En visitant notre église paroissiale, on peut se demander quel était l’usage des stalles et des bancs imposants qui entourent le chœur ; et se douter que de telles places, si près de l’autel, n’étaient pas en libre accès. De nombreuses églises possèdent le même mobilier, qui est sans doute le dernier témoin d’une ancienne institution, la fabrique [1] :
« Avant la Révolution, les stalles étaient réservées aux personnalités religieuses et laïques de la paroisse… En 1806, il est décidé que les stalles de droite seraient réservées au maire, à son adjoint et au commandant de gendarmerie. Celles de gauche sont en revanche attribuées au juge de paix et à ses suppléants. Pour les stalles disposées de chaque côté du chœur, les trois premières sont réservées aux membres du bureau de la fabrique, les autres au clergé » [2]
Les membres du conseil de fabrique, les marguilliers [3], prenaient place dans ces bancs lors des diverses cérémonies religieuses.
Les deux grands sièges qui se font face, avec des panneaux dorsaux de plus grande hauteur et des accoudoirs ouvragés, étaient sans doute réservés au clergé et au Président du Conseil de Fabrique. Ils sont intégrés dans l’alignement des bancs et des autres panneaux qui couvrent entièrement la partie basse des murs du chœur.
L’ensemble n’est spectaculaire que par ses dimensions et la belle patine du bois. Il y a cependant un détail qui le personnalise : l’ébéniste a laissé sa marque, apposée en haut de chacun des grands sièges, et a daté son travail.
APT VAUCLUSE 1834 |
Le curieux de l’histoire est que la même signature se retrouve une seconde fois à Séderon. Elle est gravée sur le cadran solaire qui orne la façade de la maison Gleize. Ce travail est lui aussi daté de 1834.
André Gauthier, de l’Association de Sauvegarde du Patrimoine Industriel du Vaucluse, nous a fait parvenir quelques informations sur la famille Pascal. Le père était compagnon maçon, le fils compagnon ébéniste. Ce sont leurs œuvres en matière de gnomonique [4] qui ont fait leur célébrité. Leur chef-d’œuvre, une méridienne [5], est toujours visible à Apt.
Pascal père affichait sa qualité de Maître dans la Franc-Maçonnerie en faisant suivre son nom du M et des trois points. Et il n’omettait ni l’équerre ni le compas, autres symboles maçonniques.

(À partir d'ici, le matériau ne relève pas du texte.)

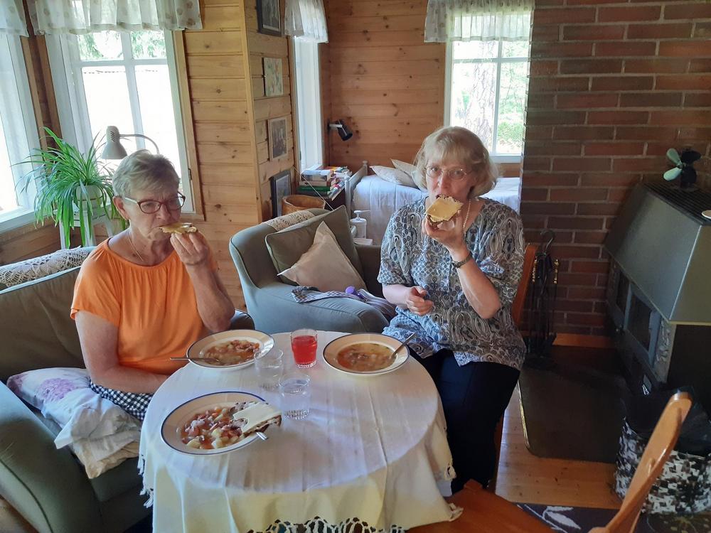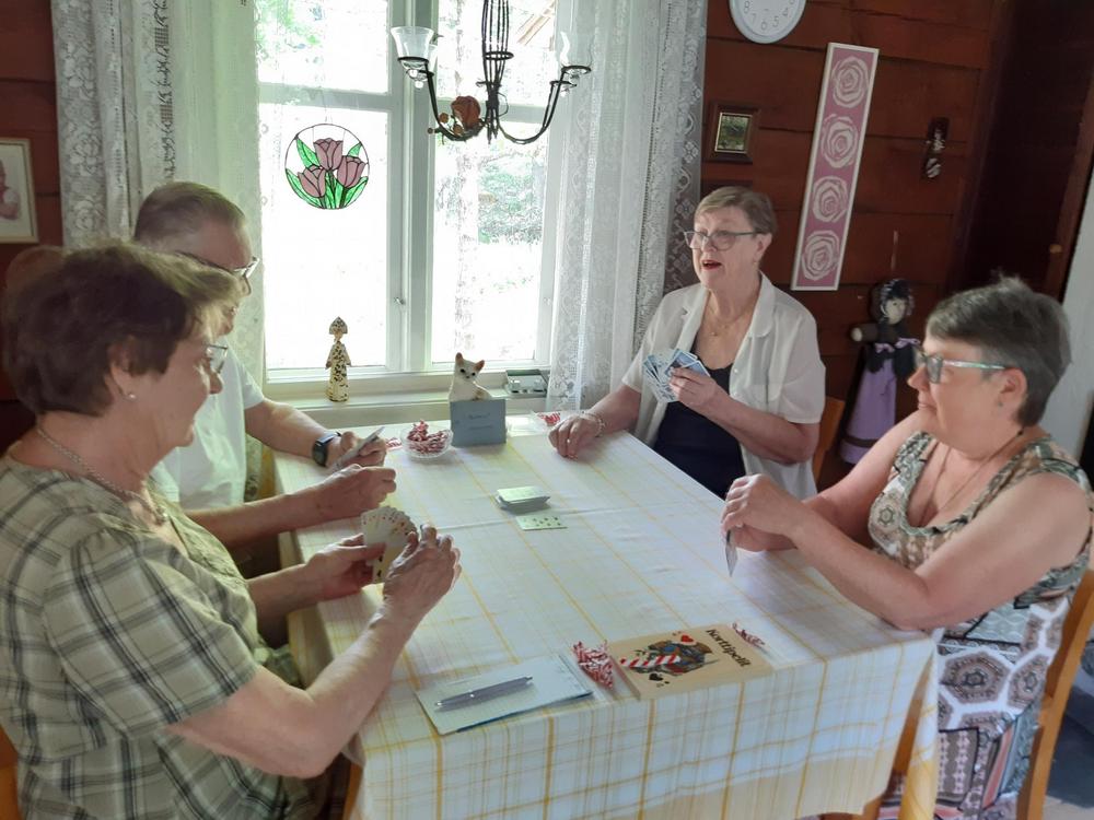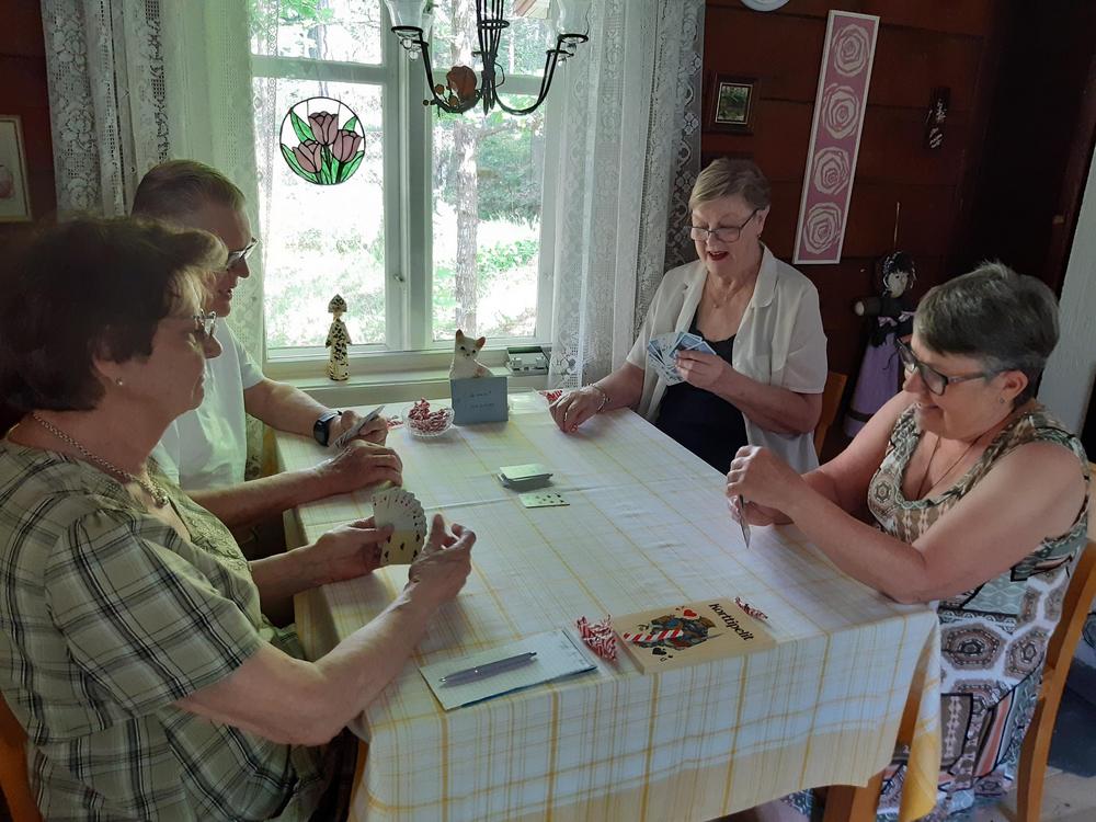 Lämmin päivä toukokuun lopulla, pelattiin korttia ja nautittiin maisemasta, seurasta ja hyvistä syömisistä nyyttikestien merkeissä.
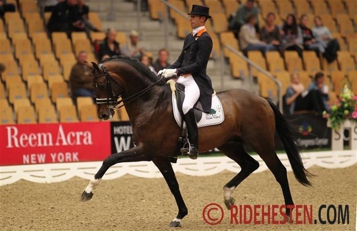 Den 11-årige KWPN-hingst Johnson e. Jazz / Flemmingh har i weekenden debuteret i Grand Prix i Oud-Beijerland i Holland under sin faste rytter, Hans Peter Minderhoud. Det blev til en score på 74,6% og sejr.
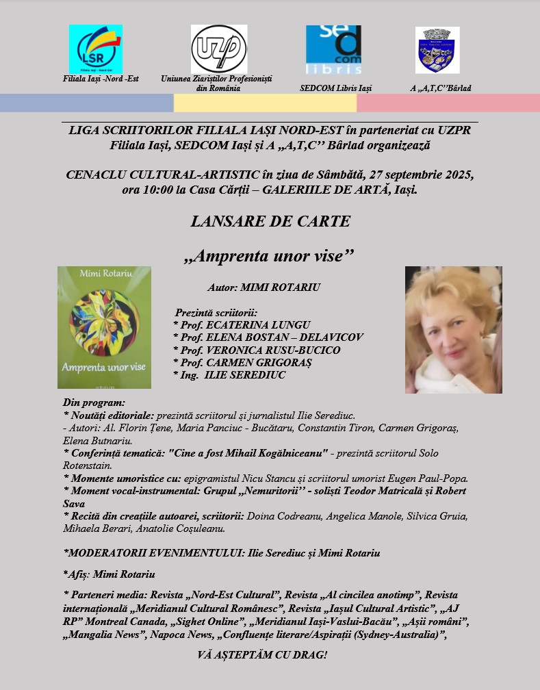 Acest important centru cultural al Iașului a găzduit, în data de 27 septembrie a anului curent, ședința Ligii Scriitorilor – filiala Iași Nord- Est, ședință în cadrul careie a avut loc un eveniment cultural de excepție: Lansarea volumului de poezie „Amprenta unor vise” creație de valoare a scriitoarei, poetei și totodată Secretarei Ligii Scriitorilor din Iași, doamna Mimi Rotariu.
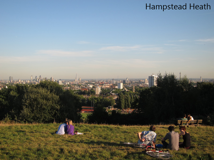 Another close by park is Hampstead Heath, which covers about 790 acres. It is one of the highest points in London and affords a glorious view of the city, which is actually protected by law.
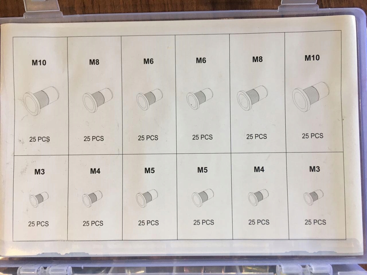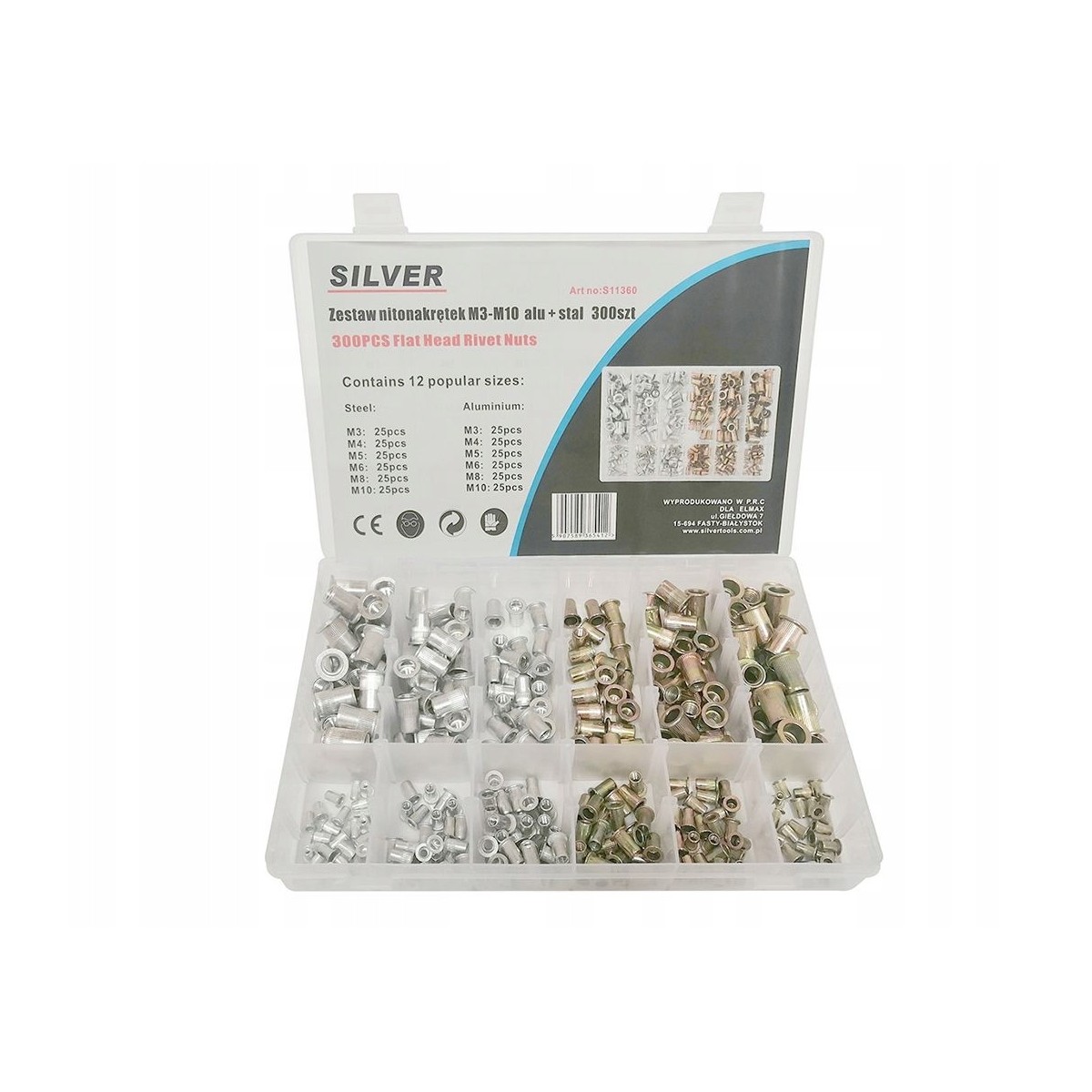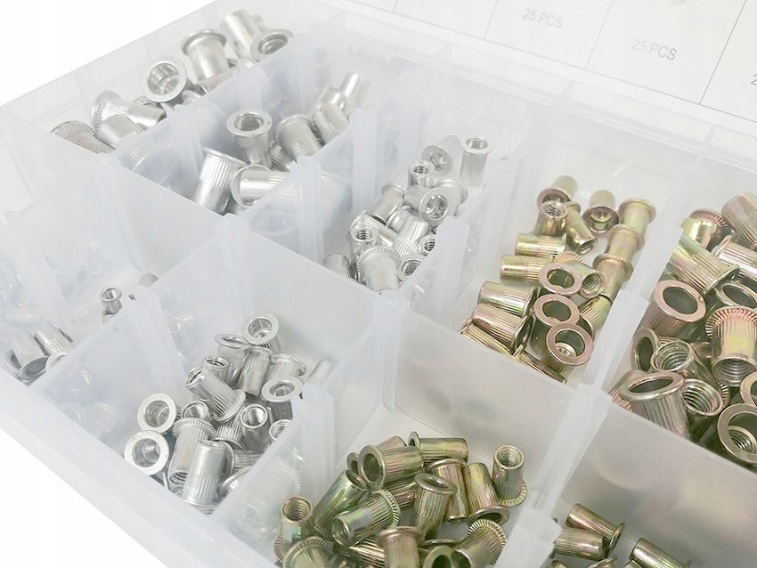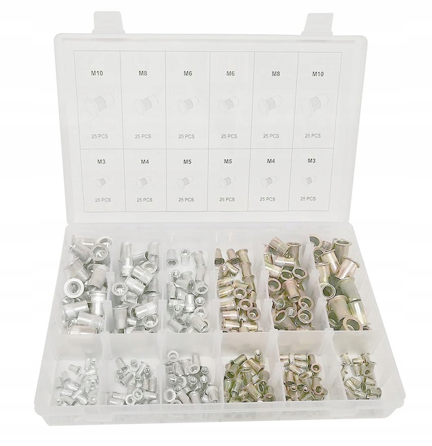 Zestaw stalowo-aluminiowych nitonakrętek M3-M10.

La méridienne date de 1834. Au même moment Pascal fils réalisait les stalles de l’église. Connaissant certainement la réputation de la famille Pascal et ses compétences de cadranier, le propriétaire de la maison Gleize (c’était alors un Jullien, importante famille de notables comptant Juge de Paix, Percepteur, Receveur de l’Enregistrement…) profita de la présence à Séderon de l’ébéniste pour lui faire créer le cadran solaire. En ces années-là, c’était peut-être la seule « mesure de l’heure » dans le village.